Les îliens aiment recevoir des visites.

Cela les distrait, en leur valant en même temps des nouvelles du continent, « de la grande terre », comme ils disent.

 

Par un bienfait de la Providence, Trielen, le plus intéressant des îlots de l'archipel, a pour « patron » un homme curieux des choses du passé.

Reçus dans son intérieur confortable —un « home » qui étonne en ce bout du monde occidental —nous nous passionnerons à l'entendre nous parler tour à tour de la maison hantée,

de ce fantôme surnommé « l'homme à la pipe », qui fait qu'à la nuit close on hésite à passer à tel endroit ;

de certain souterrain qui, selon la tradition, relie l'ile à la terre ce qui prouverait cette existence continentale des îles à laquelle nous avons fait allusion tout à l'heure.

 

Nous suivrons M. Floch pour examiner en sa compagnie les vestiges d'un édifice considérable qui s'élevait jadis dans l'ouest de Trielen.

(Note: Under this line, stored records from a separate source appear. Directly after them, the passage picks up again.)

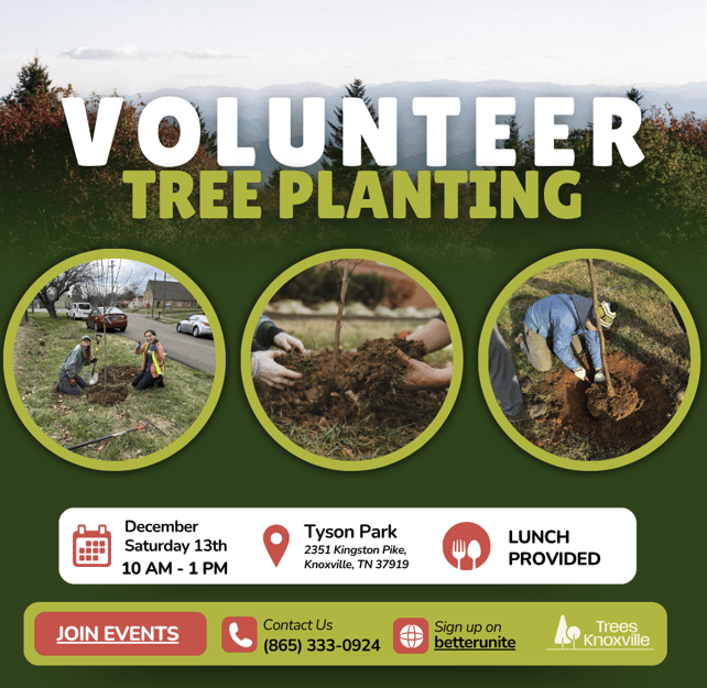 Trees Knoxville, in partnership with the City of Knoxville, is inviting the community to take part in a large-scale tree planting event at Tyson Park (2351 Kingston Pike) on December 13th, from 10:00 AM to 1:00 PM. Volunteers will help plant more than 60 trees, expanding shade, improving stormwater absorption, enhancing wildlife habitat, and strengthening Knoxville’s urban tree canopy. The event is open to all ages and experience levels, and all tools and instructions will be provided by trained staff and certified arborists.
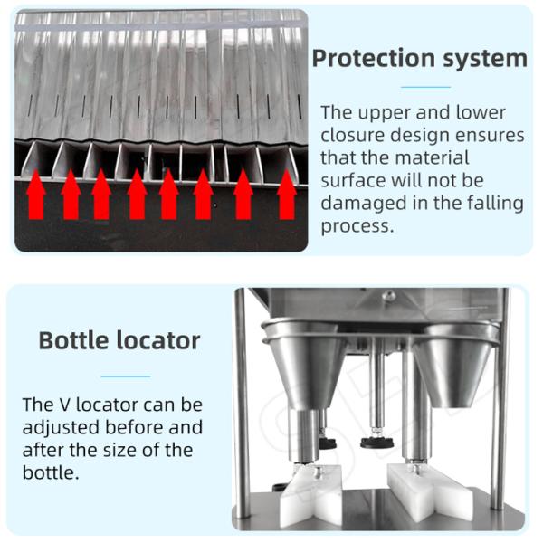 2. Vibrating feeding and rotary cutting design, the feeding speed can be adjusted infinitely for manual bottle placement.
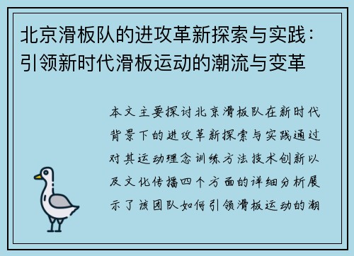 近年来,北京足球队在技术革新方面积极探索,取得了一系列显著成果。这些变化不仅引发了球迷和媒体的热议,也为球队的未来发展指明了方向。本文将从四个方面详细探讨北京足球队的技术革新,包括战术体系的创新、青训体系的发展、数据分析的应用以及心理素质的提升。同时,文章还将讨论这些技术革新所面临的挑战与应对策略,...
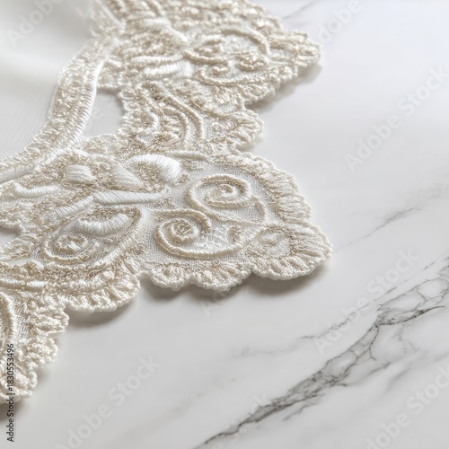 © Raduh, Obraz premium Cream And White Lacy Embroidered Fabric Trim

Sur un vaste emplacement nivelé, en avant d'une quantité de rectangles de pierres moussues, ruines d'un village important, nous trouverons la base d'une forte muraille, flanquée des reliefs de deux tours.

Quels guerriers, quels pirates vinrent jadis là s'installer ?

Fut-ce pour surveiller les abords de Bretagne à l'époque des invasions normandes ?

Fut-ce, au contraire, pour guetter le passage de riches caravelles ?

À proximité, une anfractuosité de la côte le « trou du chat » offrait, certes, un abri suffisant aux barques de ces hôtes mystérieux.

 

Ces ruines, nous l'apprendrons, ont été le théâtre de recherches romanesques.

Il y a environ cinquante ans, des Anglais débarquèrent à Trielen.

Sur la foi de vieux manuscrits, ils venaient y chercher un trésor.

Ils piochèrent en vain à la base d'une des tours.

Par contre, dans une antique demeure du Conquet où les attira ensuite leur documentation, ces Anglais trouvèrent bel et bien, en une cachette ingénieuse, de quoi les dédommager de leurs peines.

 

Selon les îliens, le trésor de Trielen serait, non pas enfoui dans les ruines, mais envasé au fond d'un étang situé à l'autre extrémité de l'île et dont les eaux reflètent en permanence, avec les nuages du ciel, les fumées de leurs brûleries de goémon.